Oracle Corporation had more than $70 billion wiped off its stock market value yesterday after the American computer software company reported disappointing cloud sales as it continued to invest huge sums in artificial intelligence data centres.

Technology investors are worried about an AI bubble as some analysts point to elevated valuations, unclear productivity gains and circular investments.

Oracle warned on Wednesday that capital expenditures, which include data centre spending, were expected to reach $50 billion in the year to the end of May 2026, a $15 billion increase from the company’s estimates in September.

AI bubble is fuelled by debt, Bank of England warns

The company reported a 34 per cent rise in second-quarter cloud sales to $7.98 billion and a 68 per cent rise in revenue from the company’s infrastructure business to $4.08 billion. However, both figures missed analysts’ estimates. At least 13 brokerages cut their price targets on Oracle’s stock. Oracle closed down $24.17, or 10.8 per cent, at $198.84 in New York on Thursday night.

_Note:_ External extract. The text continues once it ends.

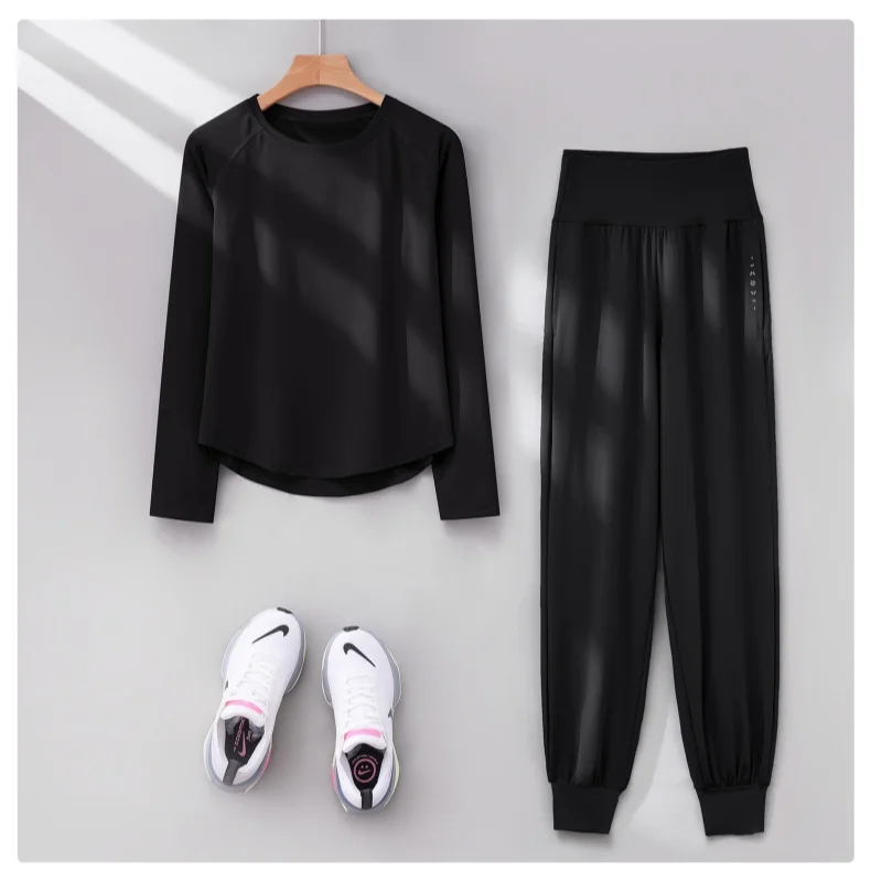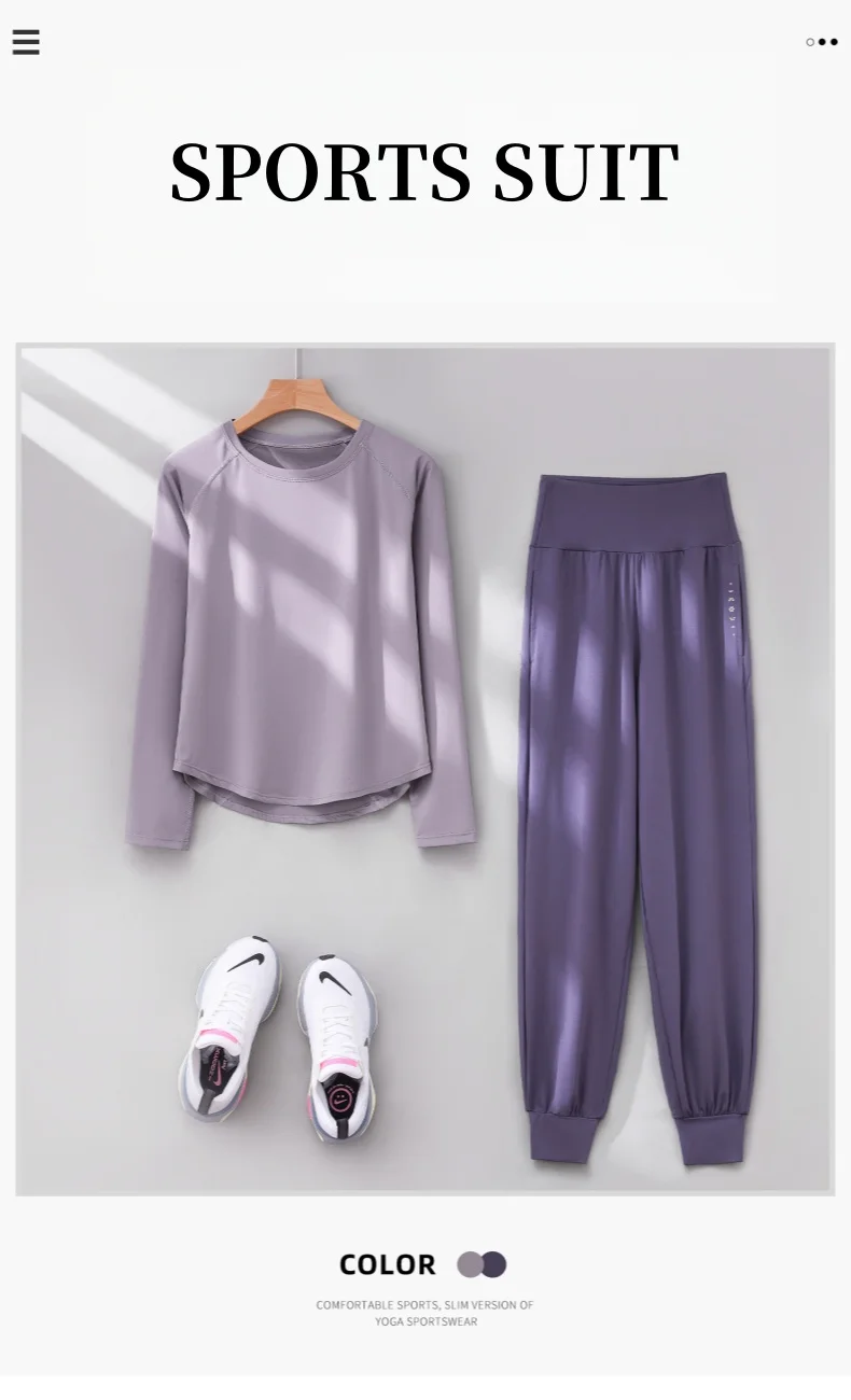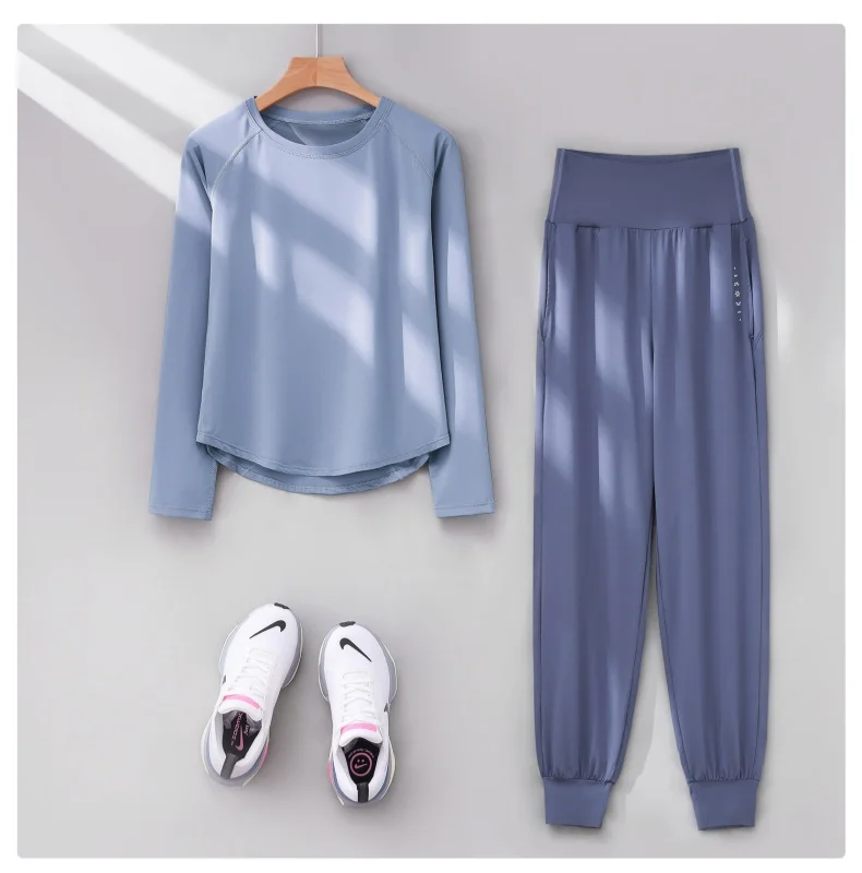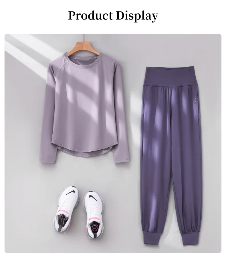 DRUR Two Piece Gym Set Women Long Sleeve Sports Top High Waist Sweatpants Suit Autumn Active Wear 2 pcs Tracksuit Fitness Outfit

Oracle, based in Texas, was founded in 1977 as a provider of packaged computer software to businesses and still operates in that area as well as in hardware.

It has long been in the shadow of younger tech groups such as Amazon, Microsoft and Google. However, its shares surged in September when the company outlined surprisingly strong quarterly earnings which demonstrated growing demand for its relatively low-cost cloud infrastructure services. It has recently signed significant cloud-computing deals with tech companies such as OpenAI.

Larry Ellison, Oracle’s co-founder and chairman, was listed as the world’s second-richest man on Tuesday, with an estimated fortune of $283 billion, according to the Bloomberg Billionaires Index.

Some analysts brushed off concerns about Oracle’s high infrastructure spending. Bank of America analysts said: “The current weakness is more capex investment cycles needed to support demand, with the company paying the price for the abnormal speed in which investment is required to meet current AI demand trends.”